======== Supplied information ========

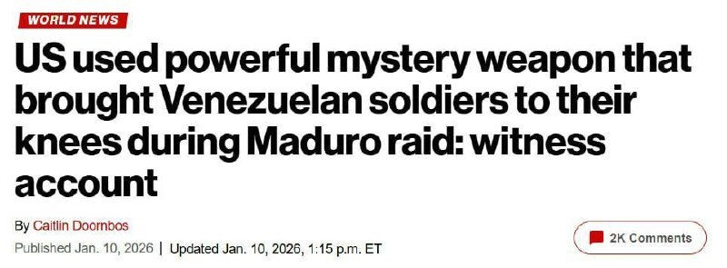 Издание The New York Times раскрыло шокирующие подробности спецоперации США по захвату Николаса Мадуро. Судя по описанию, Вашингтон превратил Венесуэлу в полигон для испытания новейшего высокоэнергетического вооружения, наплевав на все международные конвенции. 📍Сначала позиции были полностью «ослеплены» — системы ПВО, радары и связь отключились мгновенно. 📍Затем в ход пошло некое высокотехнологичное оружие, которое очевидцы описывают как «мощную звуковую волну». У венесуэльских силовиков начались неконтролируемые кровотечения, рвота и паралич. 📍МВД Венесуэлы сообщает о гибели около 100 сотрудников сил безопасности. Вашингтон, официально не признававший применение микроволновых и акустических систем в реальном бою, фактически провел испытания на живых людях. Ранее мы писали, что Мадуро и его жена получили травмы в ходе операции спецназа США.
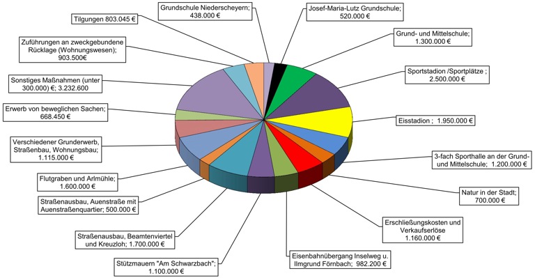 Die wesentlichen Investitionen liegen im Schulbereich mit Sporthallen (rund 3,5 Millionen Euro), dem Umbau des Sportstadions (2,5 Millionen) und der Eisstadion-Sanierung, die knapp zwei Millionen Euro im ersten Bauabschnitt verschlingt. 4,4 Millionen Euro werden in den Straßenbau investiert. Weitere größere Ausgaben sind für die Sanierung der Arlmühle und die Sanierung des Flutgraben (zusammen 1,6 Millionen Euro) sowie die Stützmauern am Schwarzbach (1,1 Millionen Euro) eingeplant.Die Gartenschau „Natur in Pfaffenhofen 2017“ ist im Haushalt für das laufende Jahr noch nicht so stark gewichtet, aber auch hier sind bereits 700 000 Euro vorgesehen.
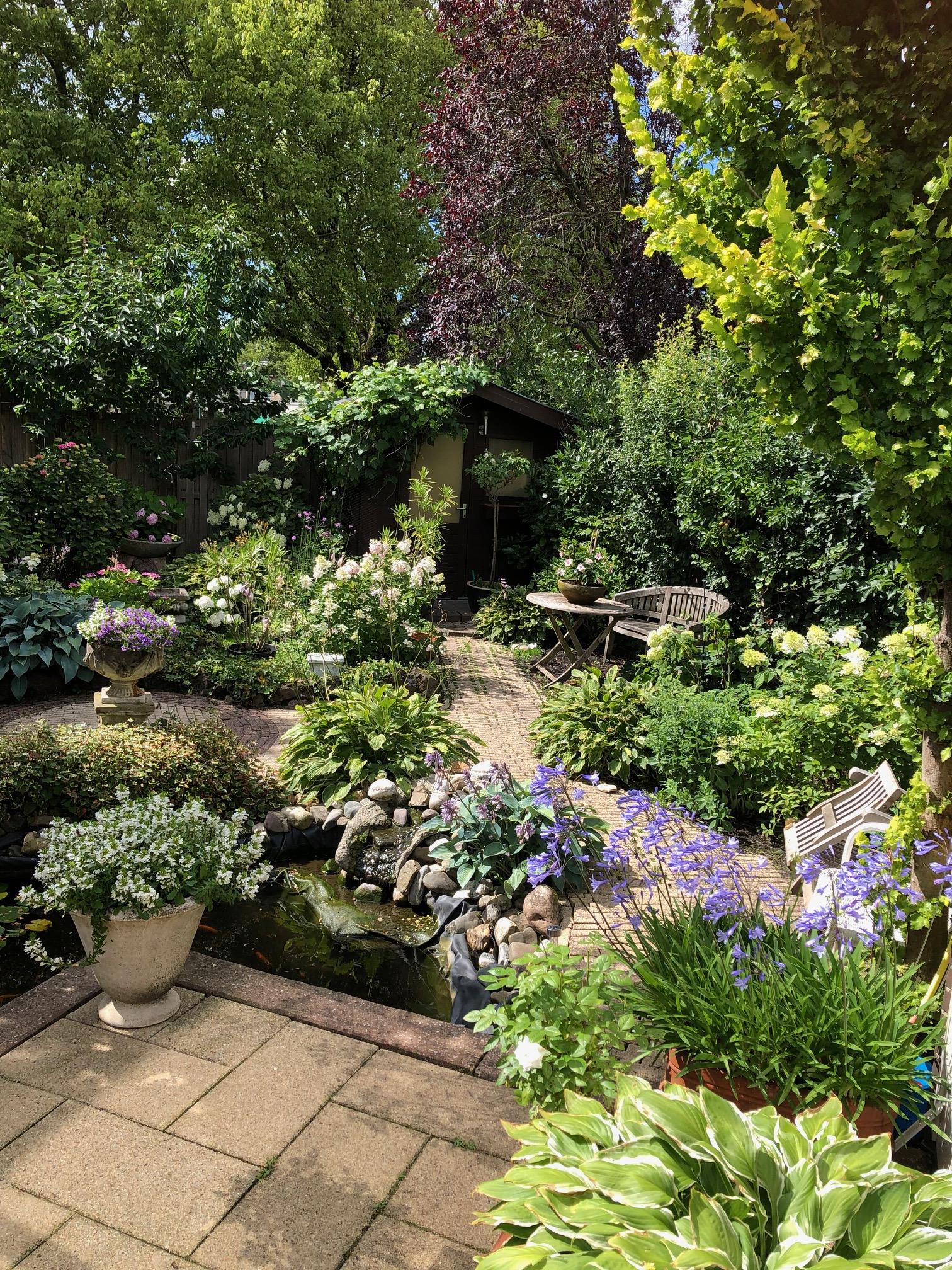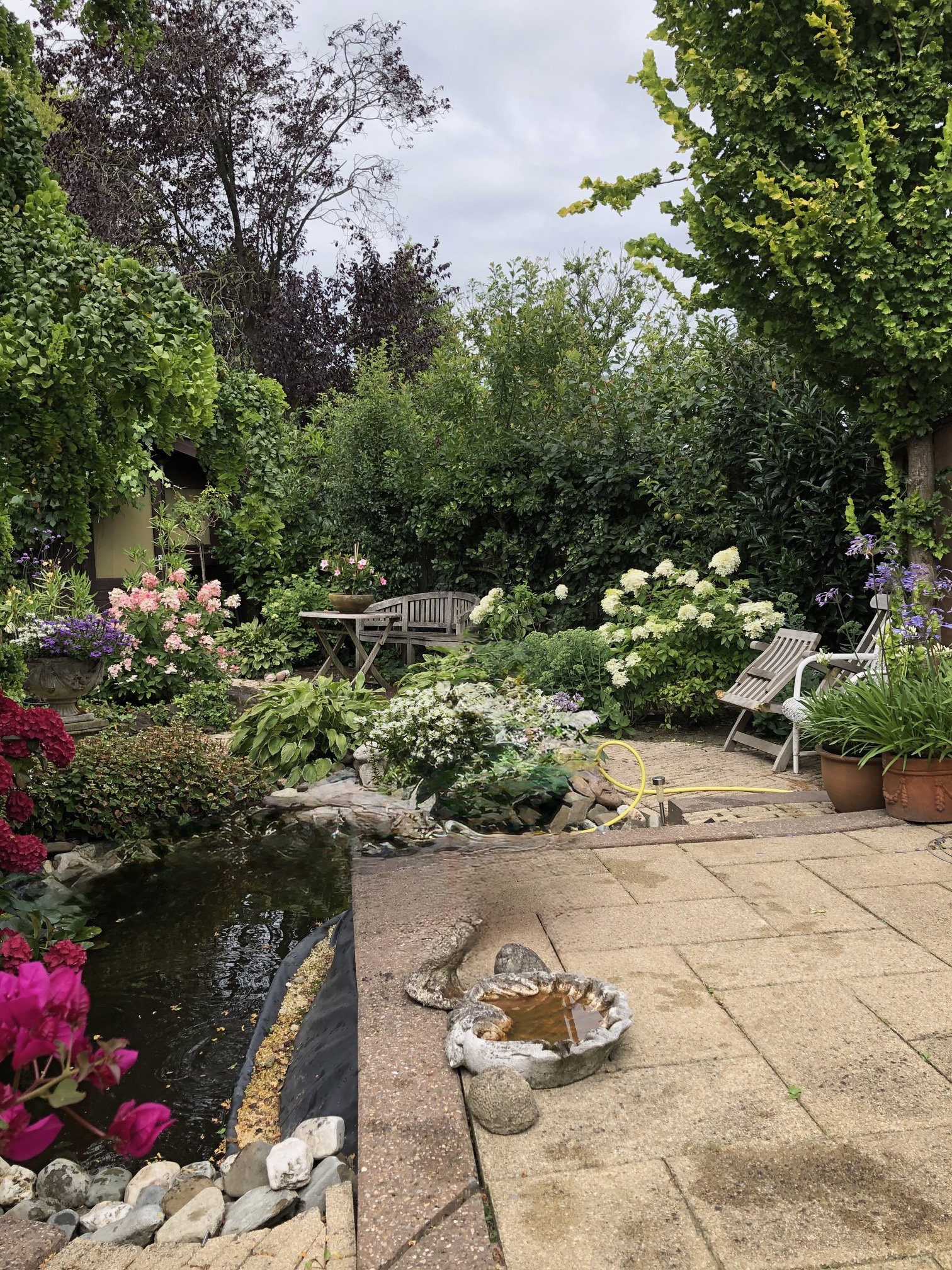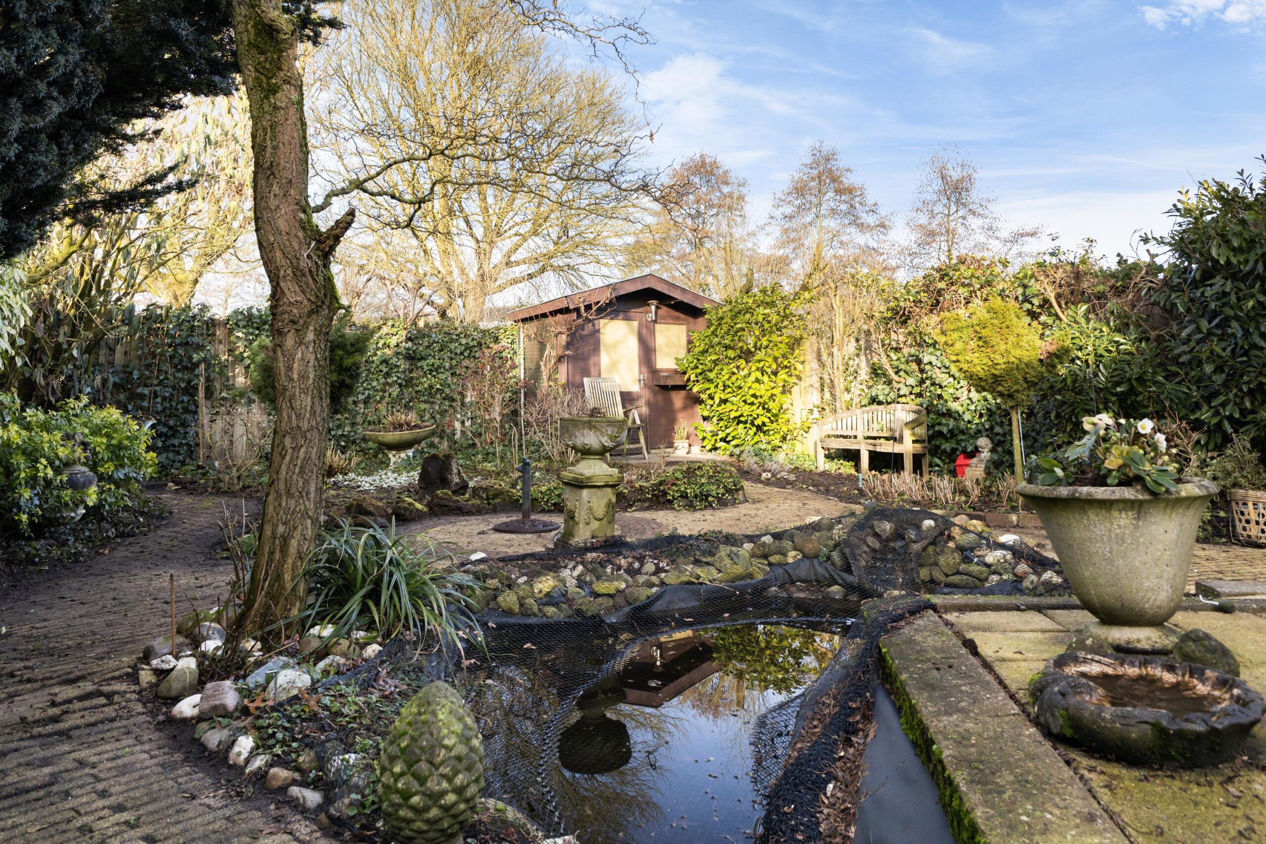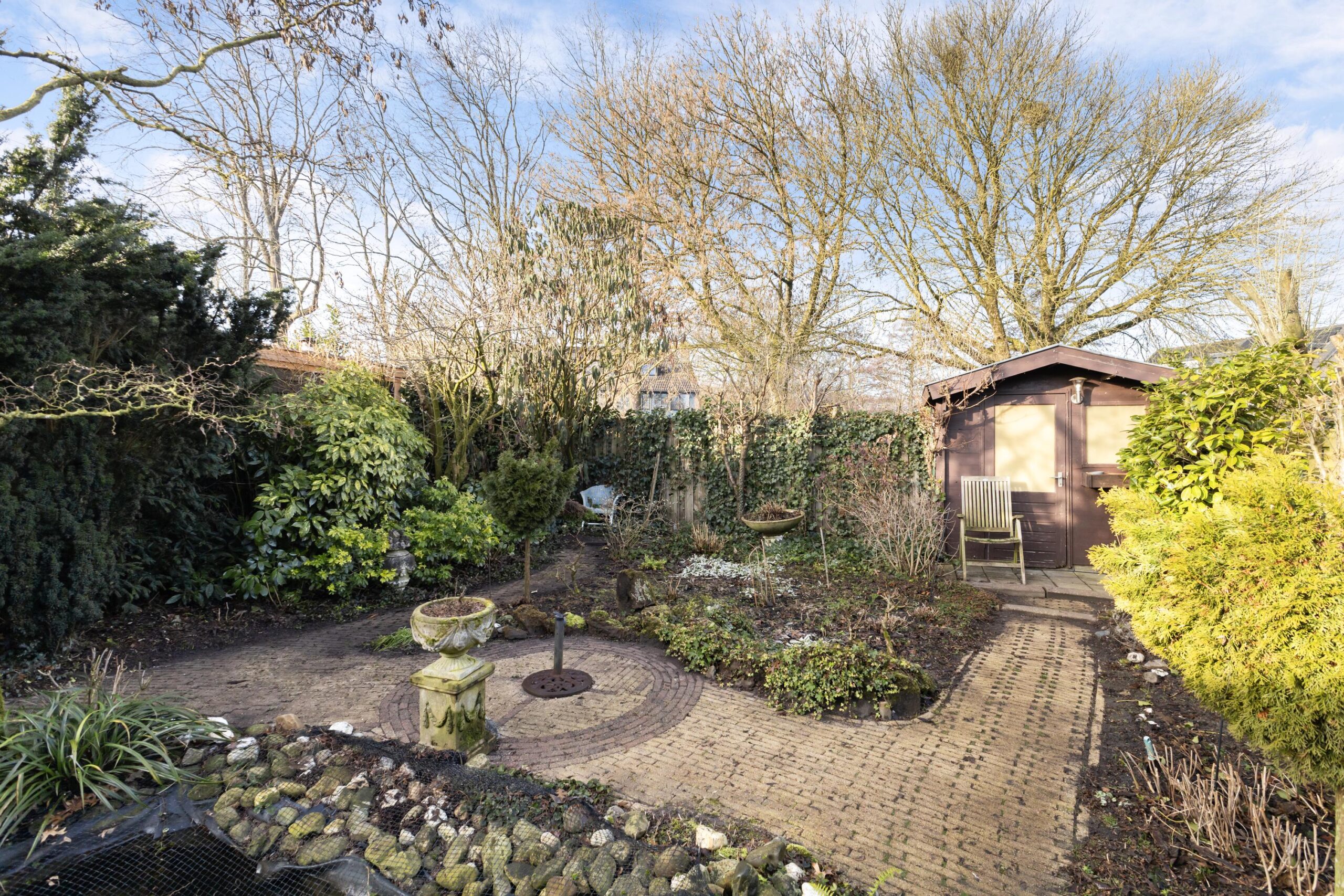 De zonnige prachtig aangelegde achtertuin op het westen grenst direct aan het park en is omringd door groen. Het

========

--- What you will do ---
Without changing a word, retype the data above and omit its pictures.

--- Response for this exercise ---
 Издание The New York Times раскрыло шокирующие подробности спецоперации США по захвату Николаса Мадуро. Судя по описанию, Вашингтон превратил Венесуэлу в полигон для испытания новейшего высокоэнергетического вооружения, наплевав на все международные конвенции. 📍Сначала позиции были полностью «ослеплены» — системы ПВО, радары и связь отключились мгновенно. 📍Затем в ход пошло некое высокотехнологичное оружие, которое очевидцы описывают как «мощную звуковую волну». У венесуэльских силовиков начались неконтролируемые кровотечения, рвота и паралич. 📍МВД Венесуэлы сообщает о гибели около 100 сотрудников сил безопасности. Вашингтон, официально не признававший применение микроволновых и акустических систем в реальном бою, фактически провел испытания на живых людях. Ранее мы писали, что Мадуро и его жена получили травмы в ходе операции спецназа США.
 Die wesentlichen Investitionen liegen im Schulbereich mit Sporthallen (rund 3,5 Millionen Euro), dem Umbau des Sportstadions (2,5 Millionen) und der Eisstadion-Sanierung, die knapp zwei Millionen Euro im ersten Bauabschnitt verschlingt. 4,4 Millionen Euro werden in den Straßenbau investiert. Weitere größere Ausgaben sind für die Sanierung der Arlmühle und die Sanierung des Flutgraben (zusammen 1,6 Millionen Euro) sowie die Stützmauern am Schwarzbach (1,1 Millionen Euro) eingeplant.Die Gartenschau „Natur in Pfaffenhofen 2017“ ist im Haushalt für das laufende Jahr noch nicht so stark gewichtet, aber auch hier sind bereits 700 000 Euro vorgesehen.
 De zonnige prachtig aangelegde achtertuin op het westen grenst direct aan het park en is omringd door groen. Het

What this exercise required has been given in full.